* _Required action_
Your answer should be the exact lines of the data below from the one containing "2008年欧洲杯:哈维、阿隆" through the one containing "БАКУ /Trend/ - Будет"; please include nothing else.

* _Provided information_
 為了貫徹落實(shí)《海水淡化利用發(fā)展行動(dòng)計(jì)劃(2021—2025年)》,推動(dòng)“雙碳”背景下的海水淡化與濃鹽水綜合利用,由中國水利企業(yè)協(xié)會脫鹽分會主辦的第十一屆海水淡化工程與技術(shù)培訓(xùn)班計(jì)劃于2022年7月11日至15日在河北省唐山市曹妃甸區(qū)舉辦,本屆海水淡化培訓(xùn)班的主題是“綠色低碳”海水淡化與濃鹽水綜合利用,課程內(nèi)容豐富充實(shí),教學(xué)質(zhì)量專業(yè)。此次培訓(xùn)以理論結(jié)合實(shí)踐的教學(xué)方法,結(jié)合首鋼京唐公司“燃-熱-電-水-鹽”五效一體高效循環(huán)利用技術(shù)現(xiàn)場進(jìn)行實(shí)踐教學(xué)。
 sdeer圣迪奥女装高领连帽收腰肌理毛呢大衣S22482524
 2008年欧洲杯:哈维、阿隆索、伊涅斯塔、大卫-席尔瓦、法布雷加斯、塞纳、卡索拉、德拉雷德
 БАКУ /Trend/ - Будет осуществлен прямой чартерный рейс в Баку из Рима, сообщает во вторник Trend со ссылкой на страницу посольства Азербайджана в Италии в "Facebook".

* * *

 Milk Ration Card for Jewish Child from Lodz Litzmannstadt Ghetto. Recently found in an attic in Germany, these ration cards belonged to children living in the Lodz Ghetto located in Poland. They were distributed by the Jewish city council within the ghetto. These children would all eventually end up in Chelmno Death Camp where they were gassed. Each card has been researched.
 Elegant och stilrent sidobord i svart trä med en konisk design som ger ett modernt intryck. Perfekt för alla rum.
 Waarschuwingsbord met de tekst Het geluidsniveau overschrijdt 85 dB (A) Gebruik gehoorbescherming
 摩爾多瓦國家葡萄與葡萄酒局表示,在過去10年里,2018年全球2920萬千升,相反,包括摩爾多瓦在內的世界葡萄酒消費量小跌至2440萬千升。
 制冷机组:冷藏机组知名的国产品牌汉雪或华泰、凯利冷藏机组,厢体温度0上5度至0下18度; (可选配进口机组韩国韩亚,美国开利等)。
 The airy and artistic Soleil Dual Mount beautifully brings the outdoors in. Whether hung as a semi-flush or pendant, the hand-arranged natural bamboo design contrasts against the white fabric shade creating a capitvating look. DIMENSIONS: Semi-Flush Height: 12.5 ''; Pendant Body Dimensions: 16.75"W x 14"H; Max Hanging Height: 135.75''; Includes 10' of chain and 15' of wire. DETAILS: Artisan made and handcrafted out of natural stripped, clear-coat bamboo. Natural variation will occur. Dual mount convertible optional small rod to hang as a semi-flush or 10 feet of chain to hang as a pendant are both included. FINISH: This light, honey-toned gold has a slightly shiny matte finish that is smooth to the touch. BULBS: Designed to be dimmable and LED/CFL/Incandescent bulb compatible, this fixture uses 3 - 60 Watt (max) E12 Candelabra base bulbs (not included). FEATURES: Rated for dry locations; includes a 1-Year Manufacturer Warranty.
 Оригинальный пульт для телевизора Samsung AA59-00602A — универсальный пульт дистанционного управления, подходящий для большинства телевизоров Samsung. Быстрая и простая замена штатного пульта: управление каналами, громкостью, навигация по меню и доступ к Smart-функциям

...

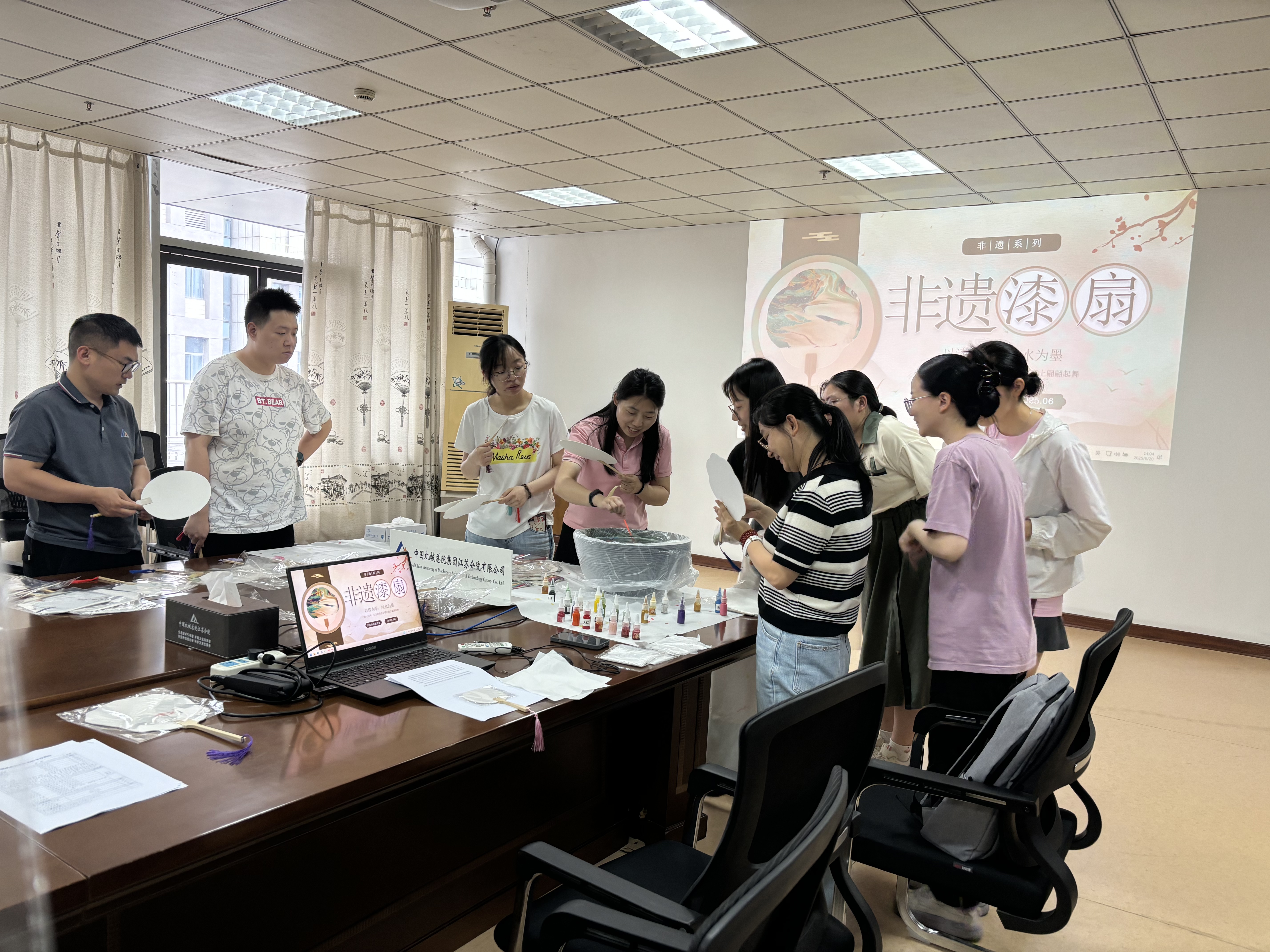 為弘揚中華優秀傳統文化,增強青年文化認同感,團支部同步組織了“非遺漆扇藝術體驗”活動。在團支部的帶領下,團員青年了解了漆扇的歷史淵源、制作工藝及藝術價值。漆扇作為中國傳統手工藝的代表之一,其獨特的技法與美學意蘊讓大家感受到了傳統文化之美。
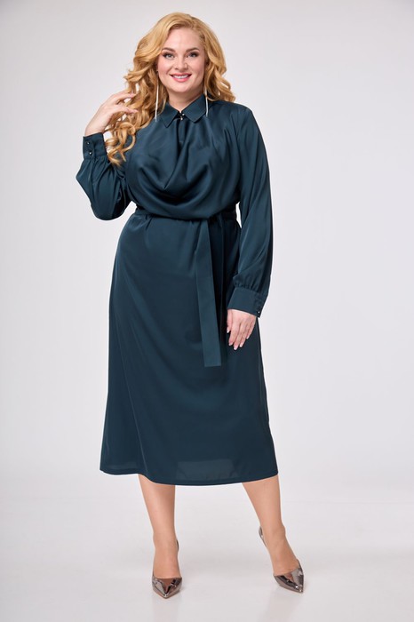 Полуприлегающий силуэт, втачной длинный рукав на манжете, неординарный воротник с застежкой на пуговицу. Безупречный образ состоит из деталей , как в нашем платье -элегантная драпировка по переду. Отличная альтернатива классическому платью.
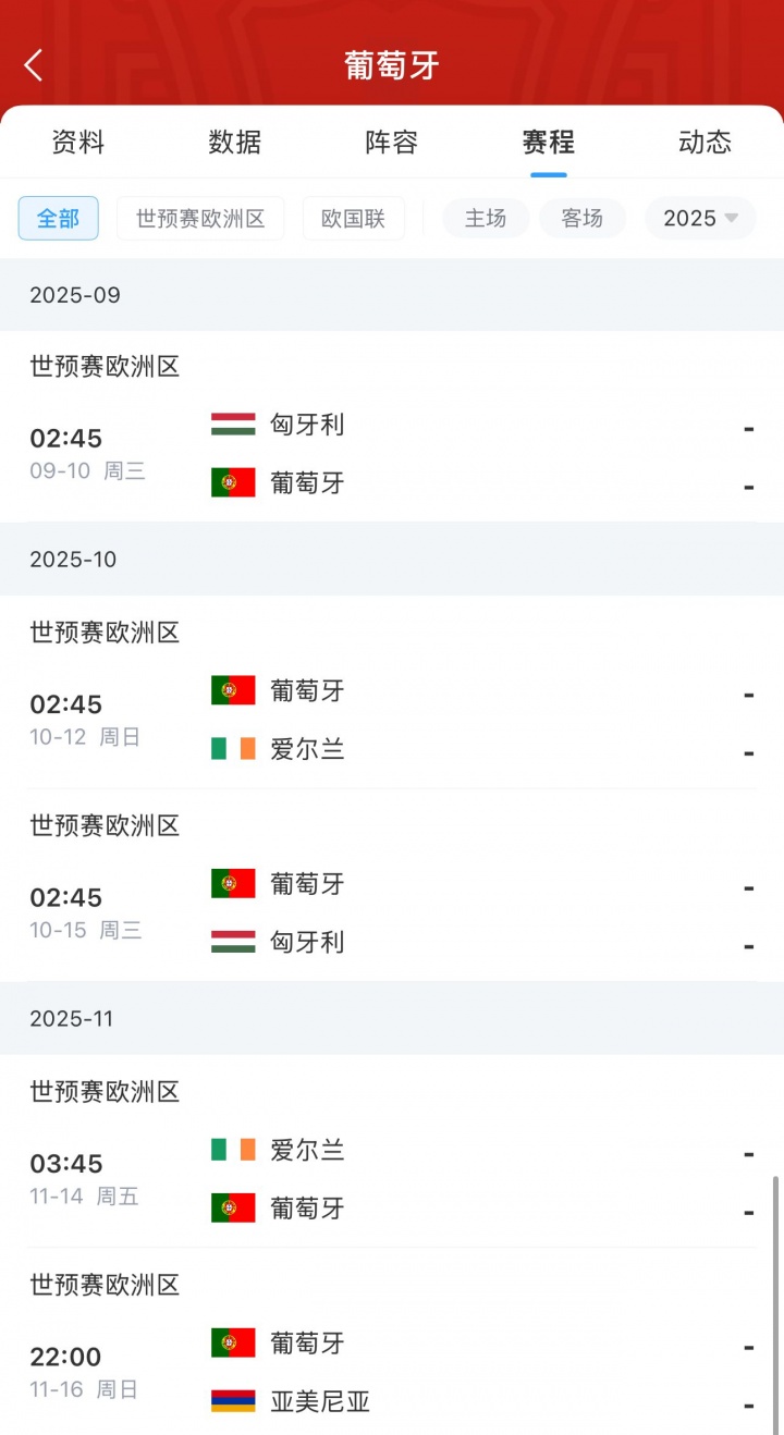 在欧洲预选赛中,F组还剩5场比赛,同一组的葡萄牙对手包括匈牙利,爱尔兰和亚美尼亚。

* _Result_
 2008年欧洲杯:哈维、阿隆索、伊涅斯塔、大卫-席尔瓦、法布雷加斯、塞纳、卡索拉、德拉雷德
 БАКУ /Trend/ - Будет осуществлен прямой чартерный рейс в Баку из Рима, сообщает во вторник Trend со ссылкой на страницу посольства Азербайджана в Италии в "Facebook".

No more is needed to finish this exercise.